Overview


What is Backhaul Alaska?

Backhaul Alaska coordinates the removal of harmful waste from rural Alaska communities to Lower-48 destinations where it can be safely discarded or recycled. This process ensures responsible recycling and returns recyclables to the World’s Circular Economy. It builds local community capacity to safely handle the waste via training, supply provision, and regional assistance.

Why is Backhaul Alaska Needed?

There is no safe way to discard harmful wastes in rural Alaska, and backhauling out of communities is expensive and logistically difficult. A well-coordinated statewide backhaul program reduces risks to human health and the environment, stretches rural communities’ limited dollar, and protects subsistence resources.

What’s the Timeline for Backhaul Alaska?

A Pilot Program operated from Summer 2018 – December 2021. It collected electronics (e-waste), lead acid batteries, and fluorescent light bulbs from 26 communities.

We have now entered the initial implementation phase and are in the process of rolling out to additional communities. We will expand to all of rural Alaska over a ten-year timeline. The Program now includes fish nets and is piloting other materials.

Did You Know?

Many of Alaska’s small communities are remote, isolated, and accessible only by boat or plane. Because of their remote and isolated location, these communities use unlined landfills without leachate treatment and burn wastes without emissions treatment. They are the only communities in the country allowed to do this by law. These conditions result in harmful contaminants released to the local environment that Alaskans depend on for subsistence foods and water. Because most landfills are close to communities, residents can additionally breathe toxic smoke from burning practices. To be safe, hazardous wastes must be backhauled out by barge or plane.

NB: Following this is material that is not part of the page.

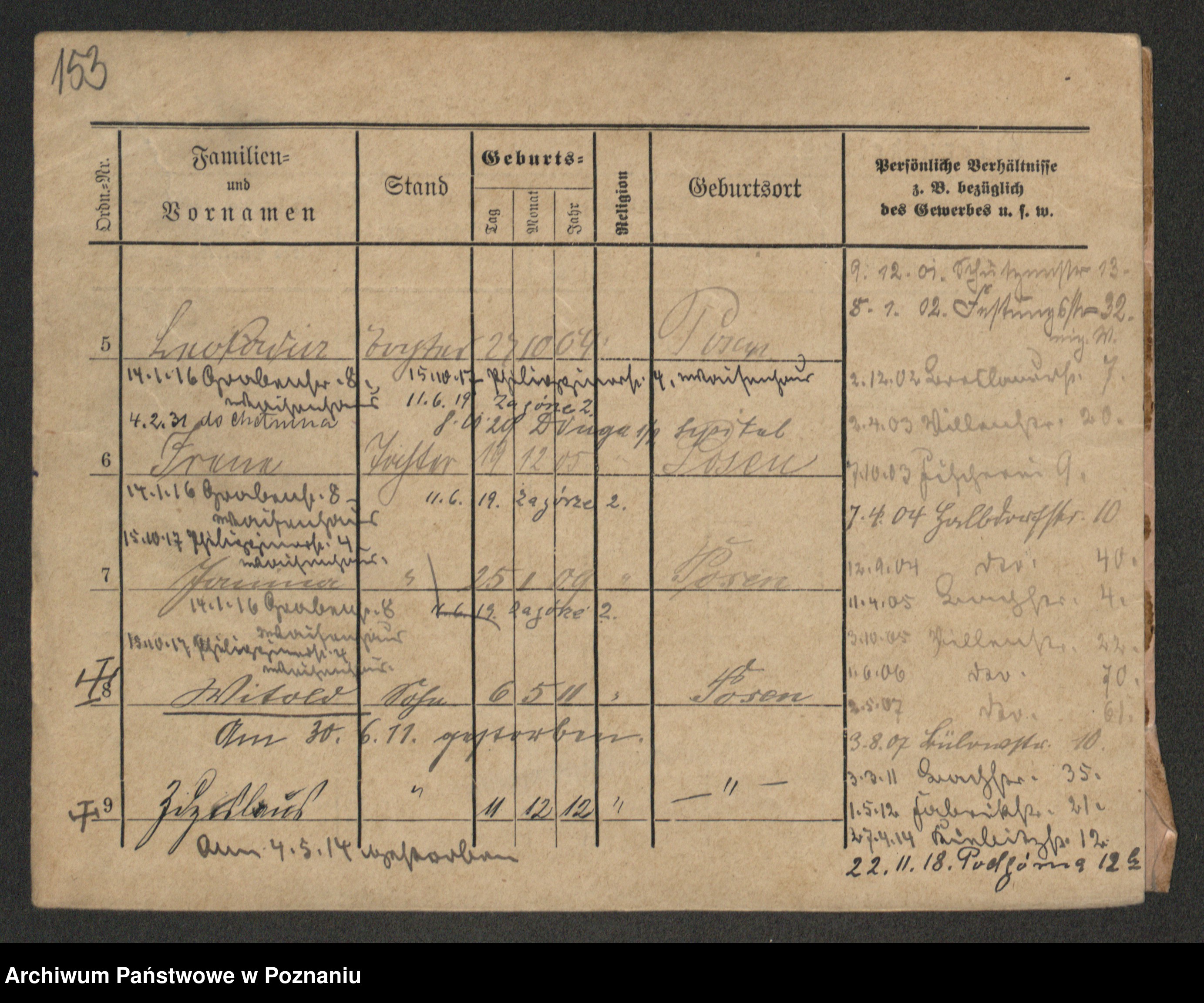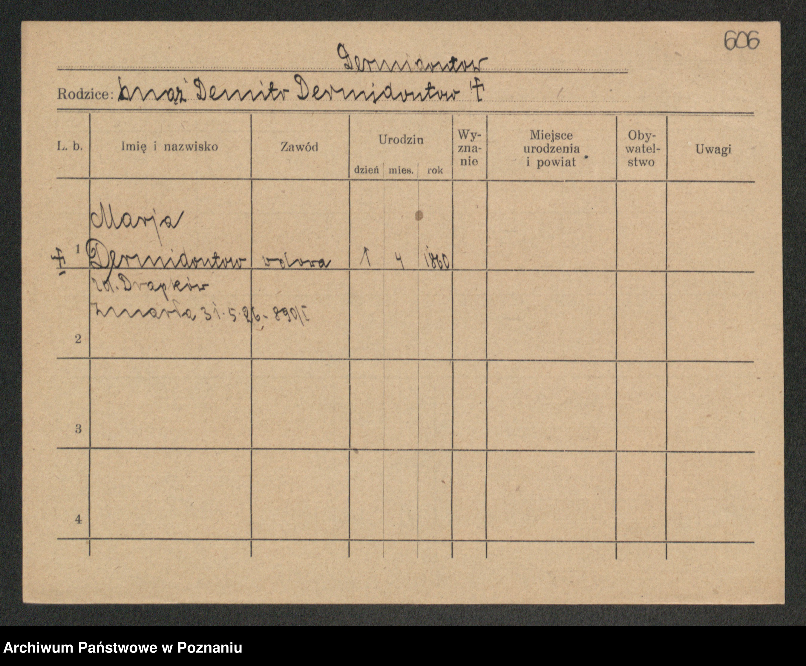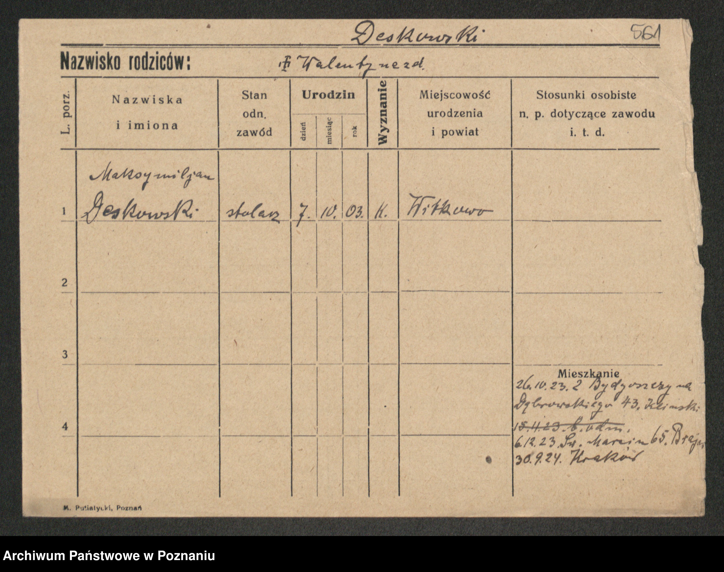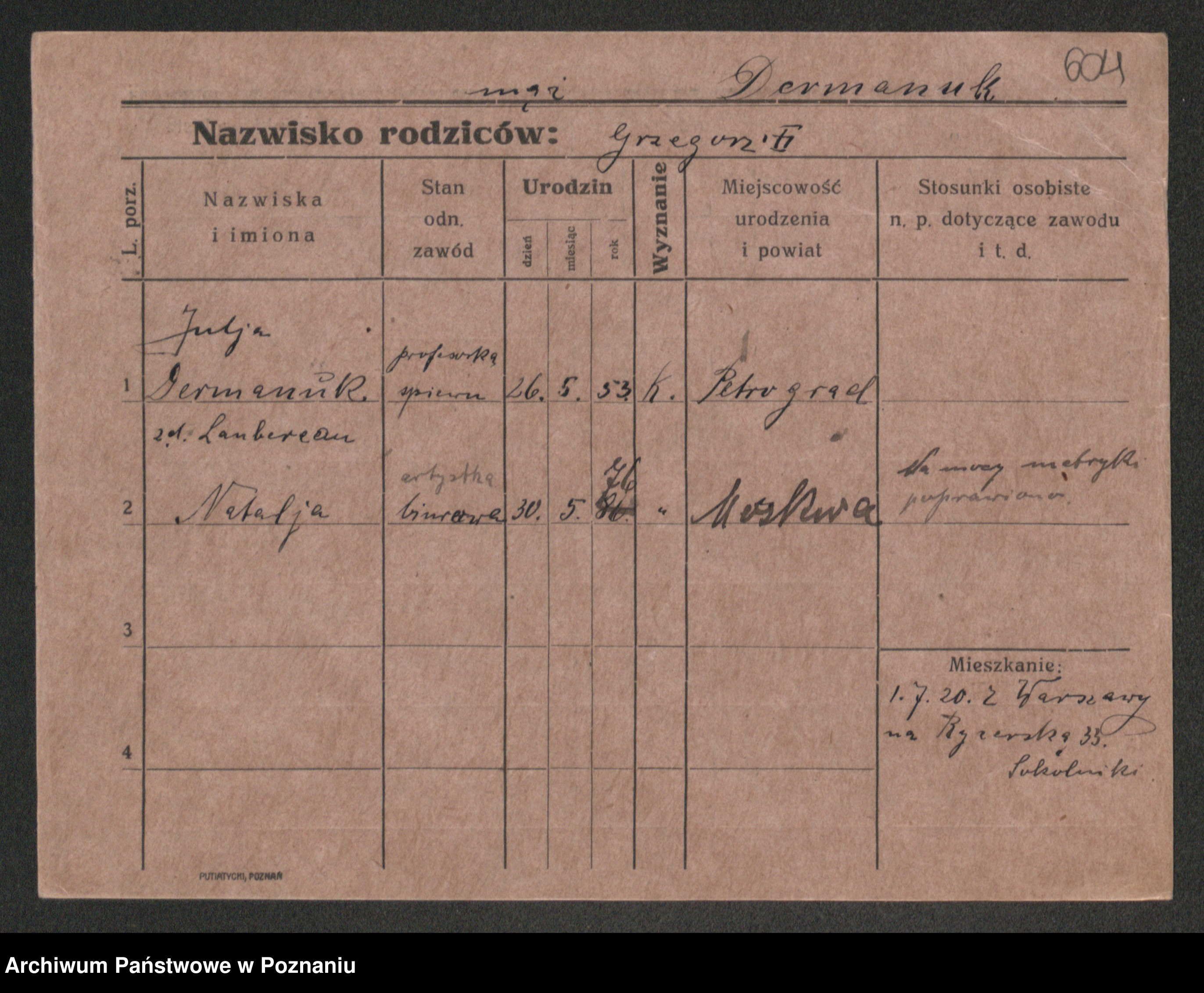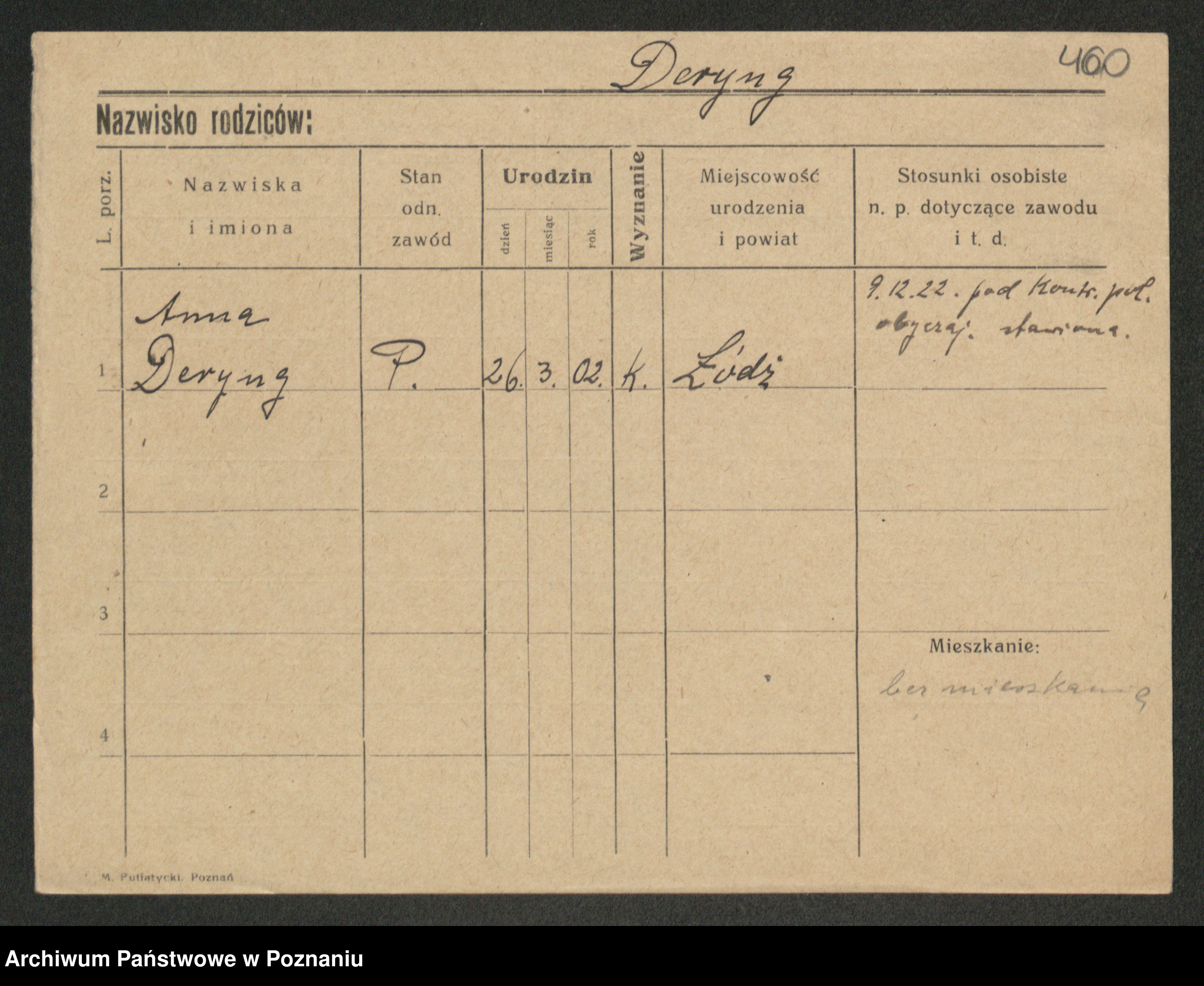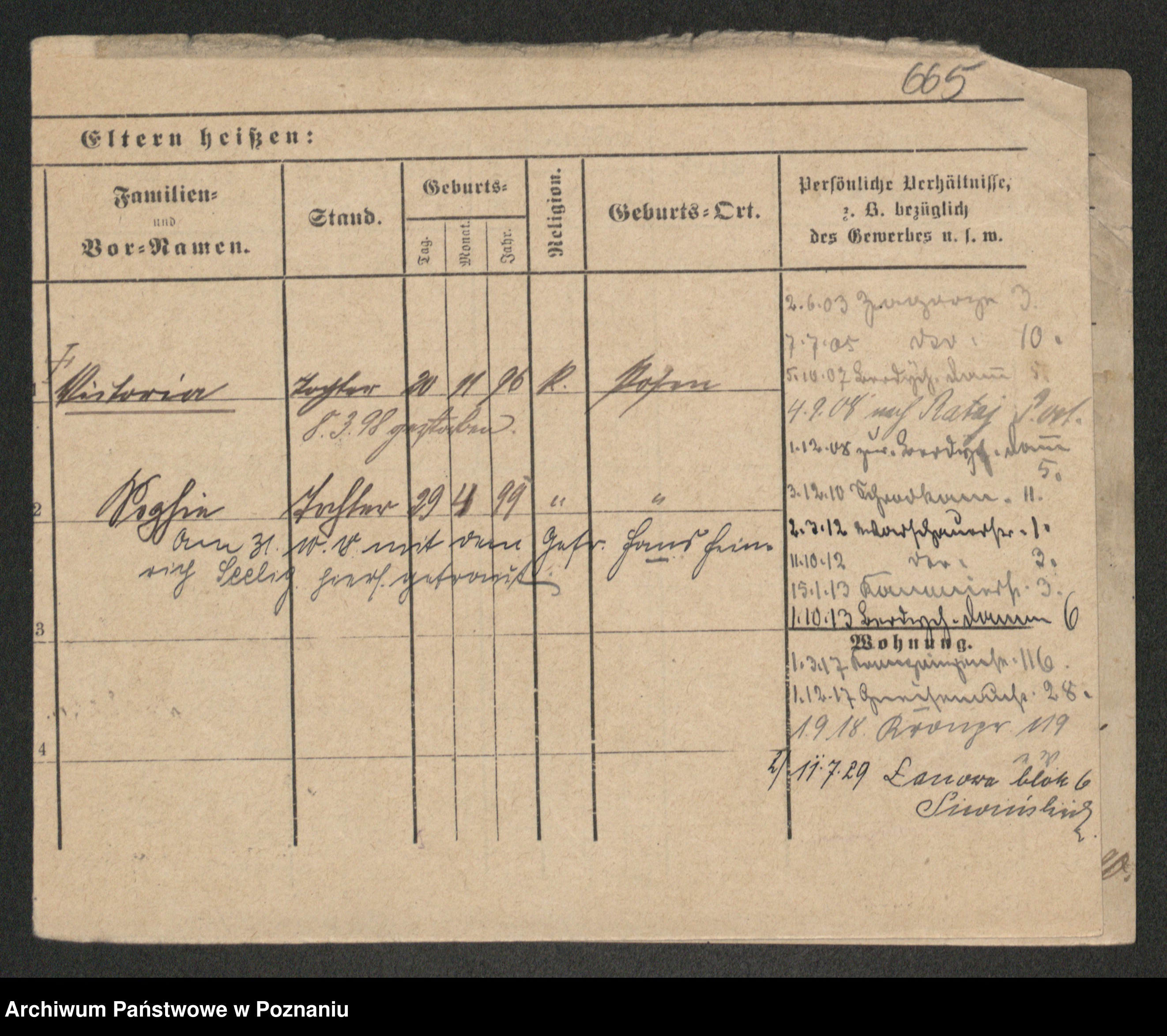 Podgląd karty osobowej dostępny jest po kliknięciu na nazwisko lub ikonkę karty. Można dokonywać powiększenia (ikony na górze) lub przechodzić między kolejnymi skanami (strzałki po bokach).

How Does the Program Work?

Individual communities have had to bear the burden of trying to operate backhaul on an individual level, straining limited funds and resources. Backhaul Alaska backhauls waste cheaper and more efficiently because:

  • Each region has a single point of contact for their communities
  • Each community is trained in streamlined and uniform protocols
  • Every rural waste generator contributes to the program
  • Innovative efforts to reduce, reuse, and refuse spent materials are encouraged
  • A “control tower” coordinates regional contacts and optimizes material transport and price brokering
  • Transporters and recyclers spend less time and incur less liability risk

In time, Backhaul Alaska will operate as a full management service for any entity generating waste in rural Alaska.